In the Martech industry we tend to get thrown a lot of acronyms and in some cases they don’t actually reflect the task or piece of technology correctly.
ETL = Extract, Transform, Load
Eg. Extract data from a source system, Transform it in a staging location or in transit and Load it into the target system.
ELT = Extract, Load, Transform
Eg. Extract data from a source system, Load the data into your platform and Transform it there.
There is no better or worse option for data processing and it will typically come down to other factors to determine your approach and architecture. For this example ELT is perfect as we can use SQL to transform the data rather than having to build, deploy, manage services to transform our data in transit (Dataflow, Apache beam, Dataproc etc).
There is also awesome vendors out there that have productised ETL solutions rather than building something from scratch. These solutions usually have predefined templates and scheduling for easy use.
This may seem fairly complex but it’s actually fairly UI driven only requires 1 Cloud Function (Python script below) and your existing SQL knowledge.

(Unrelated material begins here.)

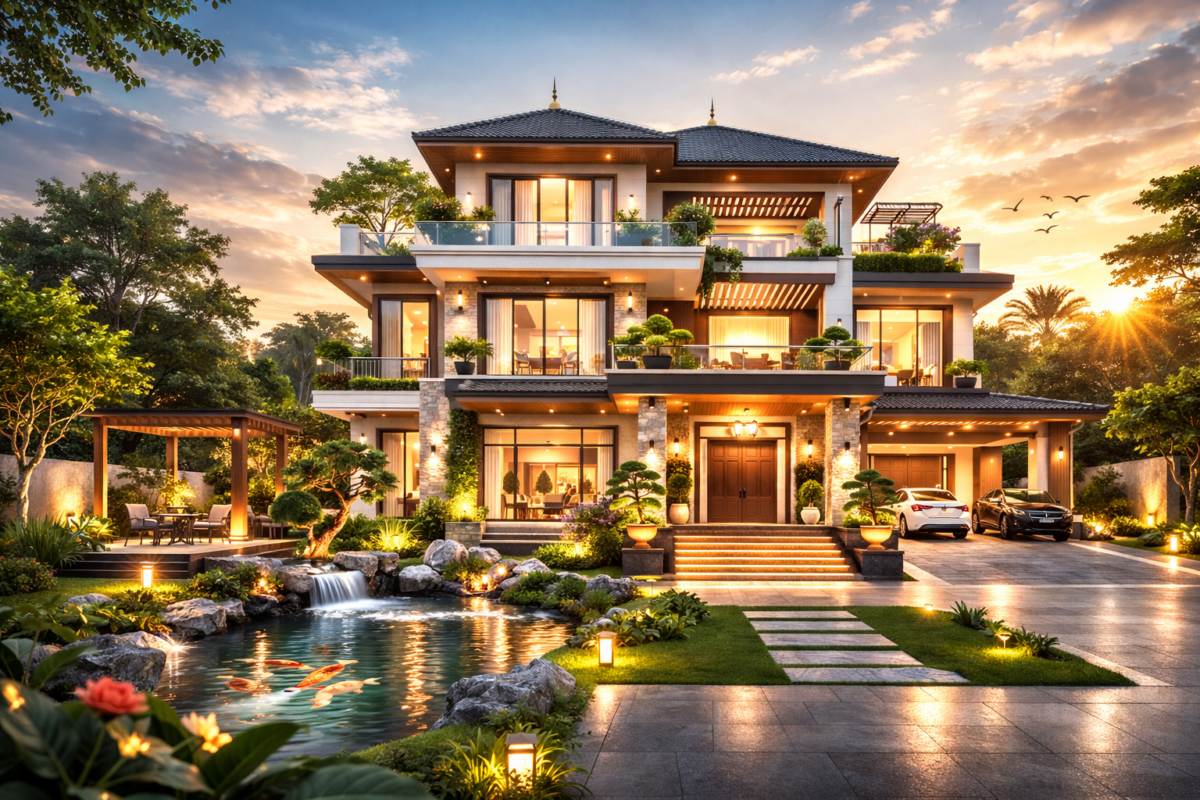 Chúng tôi kiến tạo không gian sống – nơi hội tụ Thiên – Địa – Nhân, nơi mỗi mái nhà đều mang dòng khí hanh thông và bền vững theo thời gian.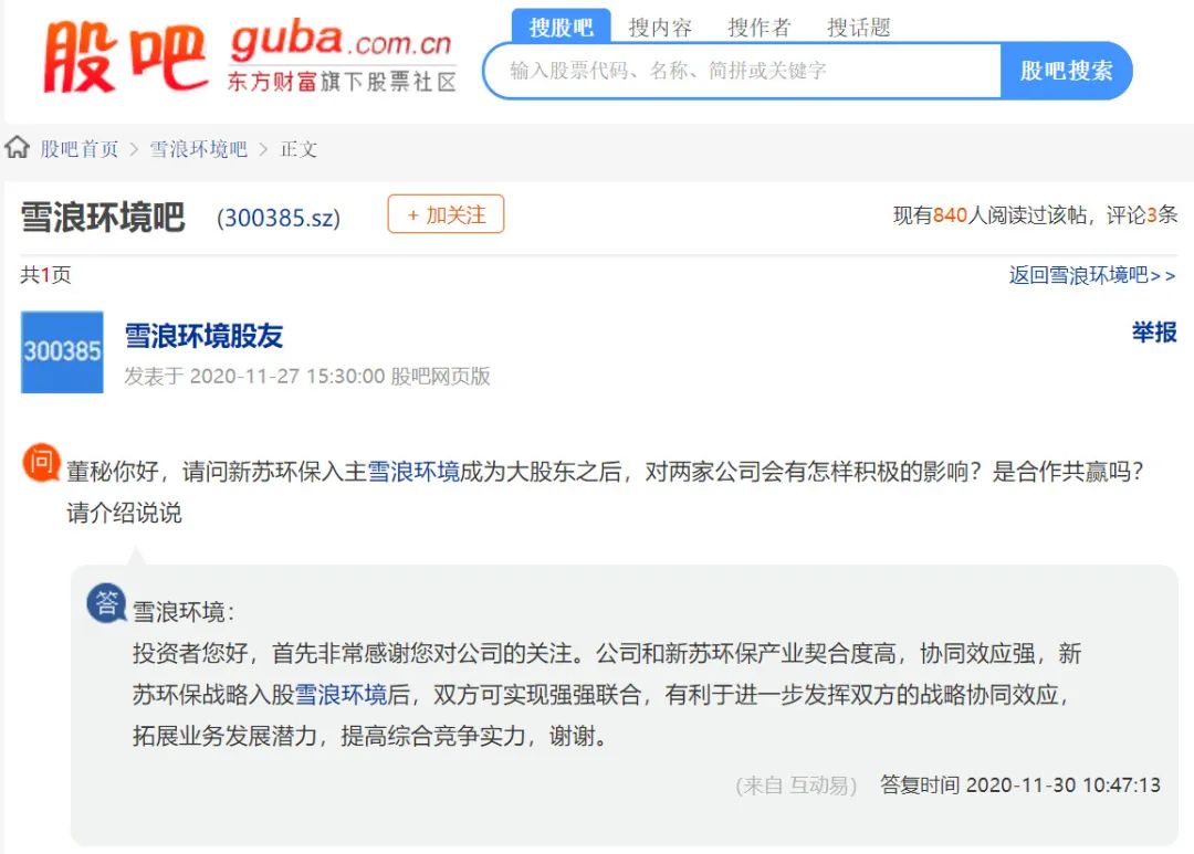 12月21日,雪浪環(huán)境發(fā)布公告顯示,公司又簽了一筆5000多萬元的大單。這是一個利用處置含銅、含鎳廢物10萬噸/年環(huán)保安全提質改造項目,合同總金額為5,720萬元。與其他交易不同的是,這筆交易的客戶——無錫江豐資源再生有限公司(下稱“無錫江豐”)是新蘇環(huán)保產(chǎn)業(yè)集團有限公司(下稱“新蘇環(huán)?!保┑目毓蓪O公司,而新蘇環(huán)保同時也是雪浪環(huán)境的控股股東。因此,本次交易屬于關聯(lián)交易。今年,雪浪環(huán)境最大的變化就是混改。7月17日,雪浪環(huán)境原實控人楊建平、許惠芬及股東楊建林與新蘇環(huán)保簽署股份轉讓協(xié)議,新蘇環(huán)保取得了雪浪環(huán)境的控制權,公司實控人則變成了常州市新北區(qū)人民政府。混改之后,很多投資者都詢問董秘,合作將對兩家公司產(chǎn)生怎樣積極的影響,是否能夠產(chǎn)生“1+1大于2”的效果?雪浪環(huán)境和新蘇環(huán)保產(chǎn)業(yè)契合度高,協(xié)同效應強。新蘇環(huán)保戰(zhàn)略入股雪浪環(huán)境后,雙方可實現(xiàn)強強聯(lián)合,有利于進一步發(fā)揮雙方的戰(zhàn)略協(xié)同效應,拓展業(yè)務發(fā)展?jié)摿?,提高綜合競爭實力。事實也證明了這一點。除了上面提到的與無錫江豐的合作,11月6日,雪浪環(huán)境還與上海環(huán)境研究院簽署協(xié)議,對方向公司采購了價值1690萬元的煙氣凈化系統(tǒng)設備。與無錫江豐類似,上海環(huán)境研究院也是新蘇環(huán)保的全資子公司,本次交易也同屬關聯(lián)交易。混改除了為雪浪環(huán)境帶來新的訂單,更直接的作用則是——錢來了。11月23日,雪浪環(huán)境就發(fā)布公告稱,擬向平安銀行無錫分行申請綜合授信額度3億元,向北京銀行無錫分行申請授信額度5000萬元,向廣發(fā)銀行無錫錫山支行申請綜合授信額度1億元,總共擬申請4.5億元的授信額度。12月21日,雪浪環(huán)境又擬向興業(yè)銀行申請授信額度2.5億元,授信期限2年。僅這兩筆申請,就能為雪浪環(huán)境新增7億元的授信。國資的入主,給雪浪環(huán)境增添了很大背書。12月7日,雪浪環(huán)境還公告稱,公司與上海浦發(fā)銀行無錫分行簽署了并購貸款合同、權利最高額質押合同等相關文件,貸款金額2.3億元,貸款期限為7年。這筆錢,主要就是用于并購上海長盈環(huán)保服務有限公司(下稱上海長盈)52%股權的現(xiàn)金對價支付。并購完成后,上海長盈也被納入了公司的合并報表,這讓雪浪環(huán)境的三季報增色不少。三季報顯示,今年三季度,雪浪環(huán)境的營收比上年同期增長25.85%,凈利潤增長591.09%。而在3個月之前,半年報的時候,雪浪環(huán)境的營收還是-8.49%,凈利潤則為-98.35%,上海長盈的并表使得這兩個數(shù)字都由負轉正了。國資入主,也極大地緩解了原股東的高質押率。公開信息顯示,混改之前的2019年8月,雪浪環(huán)境控股股東、實控人楊建平的質押率為88.46%,另一實控人許惠芬質押率則為60.31%,股東惠智投資質押率更是高達94.58%。而到了混改之后的今年11月,楊建平所持的公司股份則已解除質押,股東及其一致行動人所持公司股份已經(jīng)不存在質押情況了。短短幾個月,雪浪環(huán)境就已經(jīng)解決了資金問題,緩解了高質押率,項目合作遍地開花,申請的幾億元授信也保證了公司的日常經(jīng)營和發(fā)展。雖然股價還暫時處于低迷,但轉折的曙光已經(jīng)乍現(xiàn)。公開信息顯示,雪浪環(huán)境成立于2001年,是煙氣凈化與灰渣處理領域較早的進入者之一。2014年6月公司上市后,又將危廢處置作為重點業(yè)務方向發(fā)展。上市后,雪浪環(huán)境的營業(yè)收入基本平穩(wěn),但凈利潤表現(xiàn)不太盡如人意。2017年-2018年連續(xù)兩年增收不增利,直到2019年上半年才終于扭轉情況。另一邊,收購雪浪環(huán)境的新蘇環(huán)保歷史則更短,它成立于2017年9月,注冊資本10億元,是常高新集團有限公司下屬全資子公司,實控人為常州市新北區(qū)人民政府。去年8月,雪浪環(huán)境第一次透露出要混改的消息。2019年8月16日,雪浪環(huán)境公告稱,公司實控人楊建平、許惠芬及股東無錫惠智投資發(fā)展有限公司、楊珂和楊婷鈺與新蘇環(huán)保簽署股份轉讓框架協(xié)議,擬向新蘇環(huán)?;蚱渲付ㄖ黧w合計轉讓公司4207.05萬股股份,占公司總股本的20.21%。為什么要轉讓股權?按照公司董秘汪崇標的說法,引入國資是為了給公司引進戰(zhàn)略投資者,進一步優(yōu)化公司的股權結構,通過雙方資源的優(yōu)勢互補,推動上市公司更好發(fā)展。不過,汪崇標也承認,實控人家族減持部分資金,主要用于緩解股東高質押情況。今年7月17日,雙方正式簽署股份轉讓協(xié)議。隨后,楊建平無條件放棄其所持雪浪環(huán)境10%股份對應的表決權,使得常州新北區(qū)成公司實控人。9月29日,這一合作取得江蘇省國資委的批復,江蘇省國資委原則上同意此次收購事項,合作最大的懸疑落地。10月28日,雙方收到中登公司出具的《證券過戶登記確認書》,證券過戶登記手續(xù)辦理完畢,過戶日期為2020年10月27日。12月4日,法定代表人工商變更登記也完成了,公司取得了無錫市行政審批局換發(fā)的《營業(yè)執(zhí)照》,完成了工商變更登記手續(xù)。至此,雪浪環(huán)境正式易主,常州市新北區(qū)人民政府成公司實控人。在這期間,原實控人楊建平也

I have broken the GCP component into 3 projects which will allow you to control user level access to the data in its varying states, this may not be necessary for 100% of users.However, this is the typical and best practice approach.
- SFMC Automation runs to extract relevant data from DEs, convert into csv files (Data Extracts), transfer the files to SFMC’s SFTP directory (File Transfers).
- Cloud Function runs to copy SFMC SFTP folder content to GCP Cloud Storage
- BigQuery Transfer service imports data into BQ staging tables (Bronze Project)
** — these fields would all be string format, you will need to read from these to reformat to the desired field types later on
— 1 transfer per table.
- Scheduled Big Query SQL Queries read from the Bronze Project and write clean, reformatted data into the Silver project tables
- Scheduled Big Query SQL Queries read from the Silver Project and write de-normalised, aggregated data into the Gold project (may not be necessary depending on who’s using the solution).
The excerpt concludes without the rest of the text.